3.3 Stability analysis of the downwind method
\[ C_{i}^{n+1}=C_{i}^{n}-\frac {u\tau }{h}\left ( C_{i+1}^{n}-C_{i}^{n}\right ) \]
Substitute the trial solution \(A^{n}e^{jkih}\) into the above
\begin{align*} A^{n+1}e^{jkih} & =A^{n}e^{jkih}-\frac {u\tau }{h}\left ( A^{n}e^{jk\left ( i+1\right ) h}-A^{n}e^{jkih}\right ) \\ \xi & =1-\frac {u\tau }{h}\left ( e^{jkh}-1\right ) \\ & =1+\frac {u\tau }{h}-\frac {u\tau }{h}e^{jkh}\\ & =1+\frac {u\tau }{h}-\frac {u\tau }{h}\left ( \cos \left ( kh\right ) +j\sin \left ( kh\right ) \right ) \\ & =1+\frac {u\tau }{h}\left ( 1-\cos kh\right ) -j\frac {u\tau }{h}\sin kh \end{align*}
Let \(\frac {u\tau }{h}=\lambda \)
Hence
\[ \xi =1+\lambda \left ( 1-\cos kh\right ) -j\lambda \sin kh \]

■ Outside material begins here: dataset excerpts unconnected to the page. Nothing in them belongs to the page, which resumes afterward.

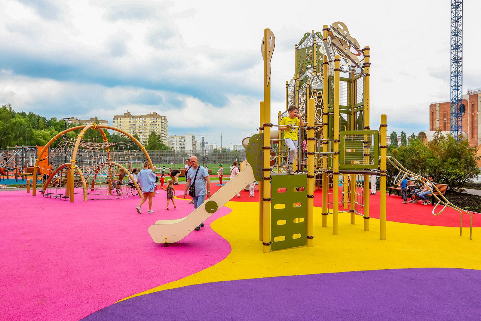 В Северном Бутове на юго-западе столицы в рамках благоустройства нового спортивного сквера появилась большая детская площадка. Ее выполнили в современном экостиле, гармонично вписывающемся в природный ландшафт территории. На ярком покрытии расположены многоуровневые башни и игровые модули с декоративными панелями, горками разной конфигурации, веревочными лазилками и сетчатыми куполами для тренировки ловкости.
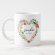 Modern colorful heart shape flowers floral in script grandma and modern est. giant coffee mug.
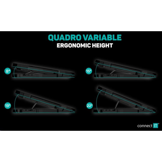 Podložka zajišťuje jak odvod tepla z notebooku a jeho ventilačních otvorů, tak i přímé ochlazování pláště notebooku díky cirkulaci chladného vzduchu a celkově tak zvyšuje výkon notebooku. Je plně kompatibilní s notebooky až do velikosti 15,6" a díky kompaktním rozměrům je předurčena jak pro práci doma a v kanceláři, tak i pro cestování a časté přenášení. Ultratichý chod 4 ventilátorů vás nebude rušit ani při nejnáročnější práci vyžadující maximální soustředění. Výšková polohovatelnost ve 4 různých stupních vám zajišťuje maximální pohodlí i při delších pracovních či herních sezeních.
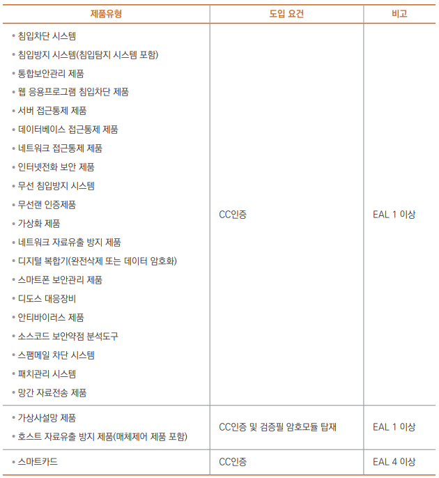 - 정보보호시스템 등 23종은 인증서 보유 필수
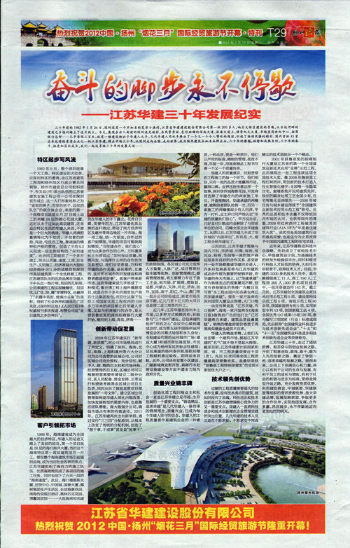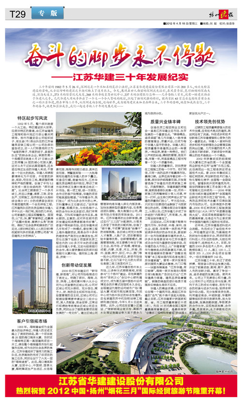 《揚(yáng)州晚報(bào)》專版刊發(fā)公司三十周年宣傳文章 時(shí)間:2012-04-19 6016 4月18日,《揚(yáng)州晚報(bào)》T29版刊發(fā)專版文章《奮斗的腳步永不停歇——江蘇華建三十年發(fā)展紀(jì)實(shí)》,從公司起步、市場(chǎng)開拓、創(chuàng)新發(fā)展、質(zhì)量與科技等各個(gè)層面,介紹了公司三十年的奮斗歷程、綜合實(shí)力和發(fā)展業(yè)績(jī)。
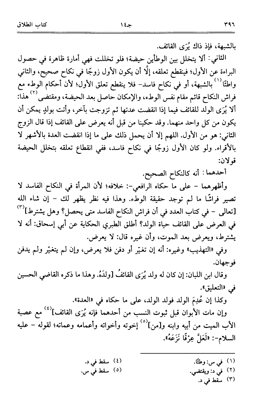 الثاني: ألا يتخلل بين الوطأين حيضة؛ فلو تخللت فهي أمارة ظاهرة في حصول البراءة عن الأول؛ فينقطع تعلقه، إلَّا أن يكون الأول زوجاً في نكاح صحيح، والثاني واطئاً بالشبهة، أو في نكاح فاسد- فلا ينقطع تعلق الأول؛ لأن أحكام الوطء مع فراش النكاح قائم مقام نفس الوطء، والإمكان حاصل بعد الحيضة، ومقتضى هذا: ألا يُرَى الولد للقائف فيما إذا انقضت عدتها ثم تزوجت بآخر، وأتت بولدٍ يمكن أن يكون من كل واحد منهما. وقد حكينا من قبل أنه يعرض على القائف إذا قال الزوج الثاني: هو من الأول. اللهم إلا أن يحمل ذلك على ما إذا انقضت العدة بالأشهر لا بالأقراء. ولو كان الأول زوجاً في نكاح فاسد، ففي انقطاع تعلقه بتخلل الحيضة قولان:
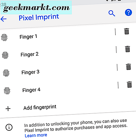 Hampir setiap perangkat Android pada tahun 2018 memiliki sensor sidik jari yang dipasang di badan perangkat, memungkinkan Anda mengakses konten dengan mudah tanpa harus repot memasukkan kode sandi Anda setiap kali Anda menggunakan ponsel. Sidik jari bukanlah metode pembukaan kunci yang sempurna, tetapi mereka cepat, aman, dan dapat dilengkapi dengan hingga empat entri sidik jari di sebagian besar ponsel. Jika Anda tidak menggunakan sensor sidik jari pada perangkat Anda, Anda harus mengaktifkannya jika hanya untuk membuat opsi cadangan. Bahkan jika Anda lebih suka membuka kunci ponsel dengan menggunakan metode buka kunci seperti PIN, pola, atau kata sandi, sidik jari sempurna jika Anda berada dalam bahaya secara tidak sengaja mengunci perangkat tanpa mengetahui kata sandi yang tepat.
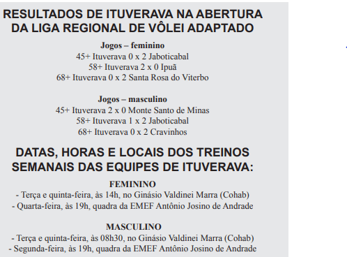 Confira no quadro os jogos e os dias e horários dos treinos das equipes de Ituverava. Para mais informações, procure o Centro de Convivência do Idoso de Ituverava através do telefone (16) 3839-6011.
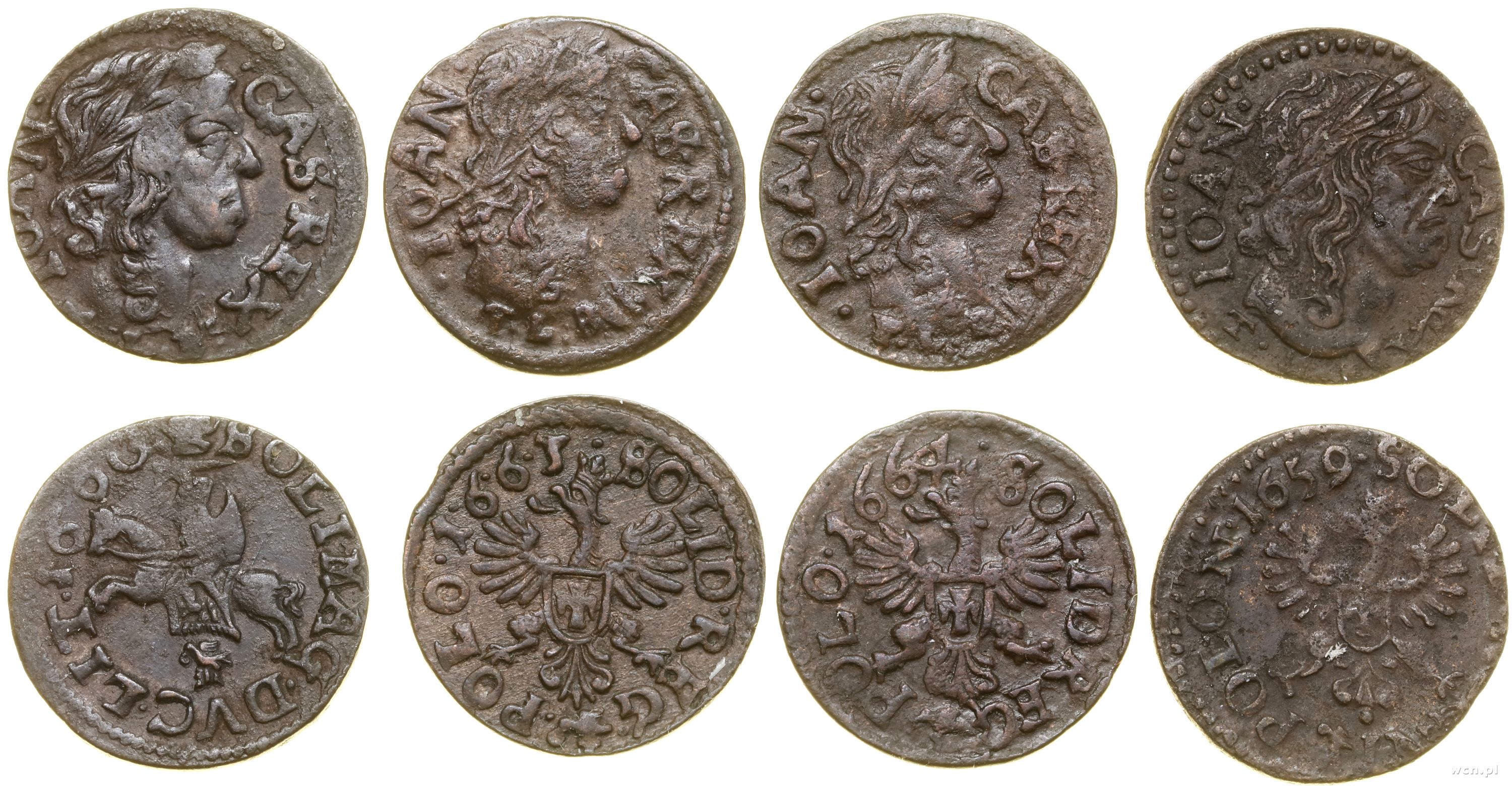 Polska, zestaw: 4 x szeląg miedziany (boratynka), 1659–1664

\begin{align*} \left \vert \xi \right \vert ^{2} & =\left ( 1+\lambda \left ( 1-\cos kh\right ) \right ) ^{2}+\left ( \lambda \sin kh\right ) ^{2}\\ & =1+2\lambda \left ( 1-\cos kh\right ) +\lambda ^{2}\left ( 1-\cos kh\right ) ^{2}+\lambda ^{2}\sin ^{2}kh\\ & =1+2\lambda \left ( 1-\cos kh\right ) +\lambda ^{2}\left ( 1-2\cos kh+\cos ^{2}kh\right ) +\lambda ^{2}\sin ^{2}kh\\ & =1+2\lambda -2\lambda \cos kh+\lambda ^{2}-2\lambda ^{2}\cos kh+\lambda ^{2}\cos ^{2}kh+\lambda ^{2}\sin ^{2}kh\\ & =1+2\lambda -2\lambda \cos kh+2\lambda ^{2}-2\lambda ^{2}\cos kh\\ & =1+2\lambda \left ( 1+\lambda \right ) \left ( 1-\cos kh\right ) \end{align*}
Hence for stability it is required that
\[ \left \vert 1+2\lambda \left ( 1+\lambda \right ) \left ( 1-\cos kh\right ) \right \vert \leq 1 \]
or
\[ 2\lambda \left ( 1+\lambda \right ) \left ( 1-\cos kh\right ) \leq 0 \]
since \(\lambda =\frac {u\tau }{h}\), a positive quantity, then the above condition can not be satisfied. Hence the downwind method is unconditionally unstable.